* [WHAT THIS TASK INVOLVES]: Since the records include pictures, leave those out while you reproduce exactly and only the lines from the one containing "女子会か? クミ母さんは、今回も3人の子供を連れて参加してくださいました。 ホタルが見られて良かったねー。" through the one containing "3 Borden met", inclusive.

* [SOURCE MATERIAL]:
Start of Block
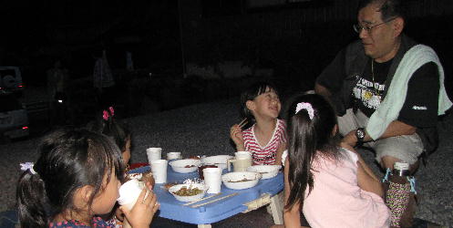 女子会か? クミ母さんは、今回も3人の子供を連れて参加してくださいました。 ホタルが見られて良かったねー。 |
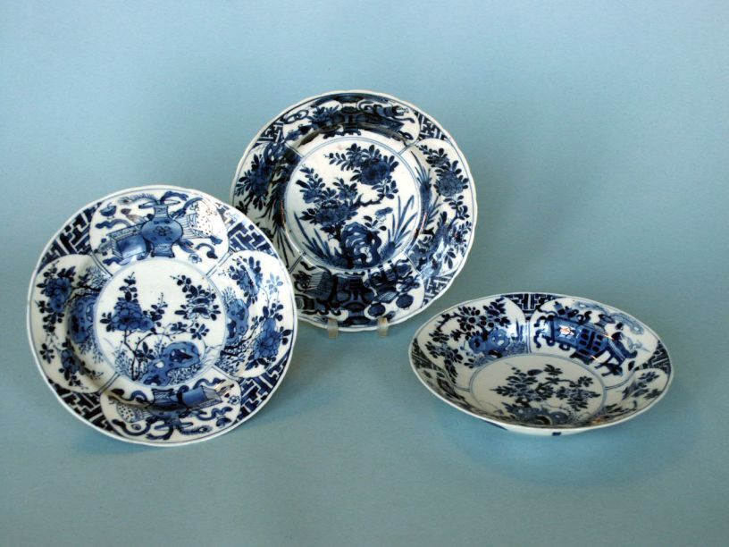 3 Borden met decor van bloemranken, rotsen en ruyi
End of Block
Start of Block
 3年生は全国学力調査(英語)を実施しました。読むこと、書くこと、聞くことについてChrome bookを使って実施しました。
End of Block
* [ANSWER SPACE]:
 女子会か? クミ母さんは、今回も3人の子供を連れて参加してくださいました。 ホタルが見られて良かったねー。 |
 3 Borden met decor van bloemranken, rotsen en ruyi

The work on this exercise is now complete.